Я скосоротился как мог, невнятно промычал:

— Угу.

— Идем ко мне в амбулаторию, я гляну. Я никак не ожидал найти в колонии амбулаторию и упал духом. Делать ничего не оставалось, я последовал за докторшей, точно карась за удочкой. На втором этаже, в комнате с топчаном, застеленным белой клеенкой, она велела мне сесть на табурет и снять повязку.

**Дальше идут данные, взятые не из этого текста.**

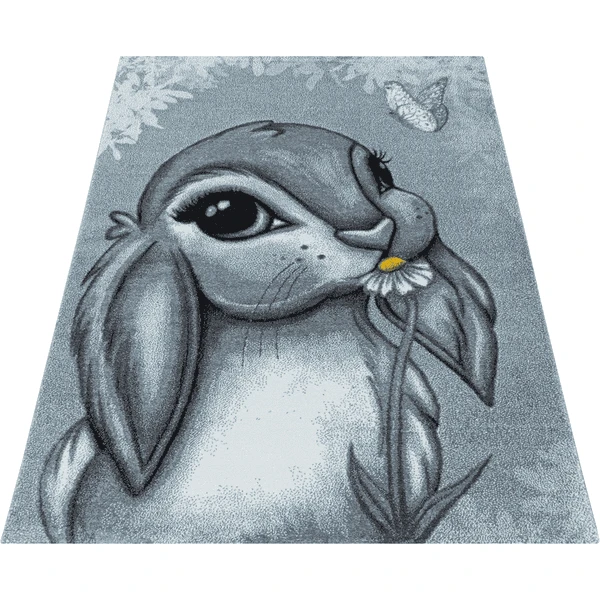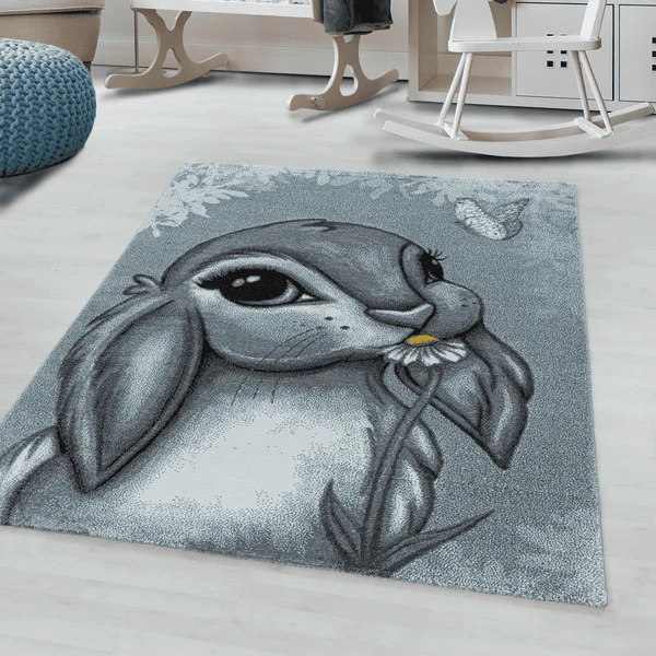 Ein wunderschöner Kinder-Teppich besticht mit einem süßen und fröhlichen Kaninchen.Bringen Sie ab sofort noch mehr Wärme und Freude in das Zimmer Ihres Kindesund lassen Sie hiermit Kinderherzen höher schlagen.Der niedliche Teppich wertet jedes Kinderzimmer direkt auf und lädt zum Spielen ein.Ob für Mädchen oder Junge, bei uns erhalten Sie verschiedene Größen und Farben,sodass für jeden etwas dabei ist.Oder auch als schönes Geschenk für Ihre Liebsten.Freuen Sie sich auf einen pflegeleichten Teppich.Technische Daten:Material: 100 % Polypropylen Frieze Florhöhe: 11 mm Größen: 80 x 150 / 120 x 170 / 140 x 200 / 160 x 230 / 200 x 290 cmGrößen-Rund 120 x 120 / 160 x 160 cmFarben: Blau / Pink

— Странно, — сказала докторша, гак глубоко засунув мне в рот маленькое зеркальце на длинной ножке, что я начал давиться. — У тебя, хлопчик, никакого признака флюса. Да не вертись же ты, пожалуйста, и открой рот пошире: не бойся, я совсем не собираюсь к тебе туда залезать.

Я и пытался не вертеться, да не мог. В простенке стоял застекленный шкафчик с щипцами, страшными железками, похожими на кочережки, и я невольно выворачивал на них глаза. Холодная испарина пробрала меня насквозь: неужели станет дергать зуб? Как отвертеться? Сказать: уже, мол, здоров? Вдруг заподозрит: аферист! Начнет розыски и узнает, что меня и звать-то совсем по-другому — Витька Авдеев! Я решил упросить ее не трогать хотя бы передние зубы, потому что без них все меня будут называть щербатым: в конце концов не все ли ей равно, какой рвать?

— Все зубы у тебя целые, — недоуменно продолжала вслух рассуждать докторша. — И даже эмаль крепкая.

Я молчал, как во всех трудных случаях жизни.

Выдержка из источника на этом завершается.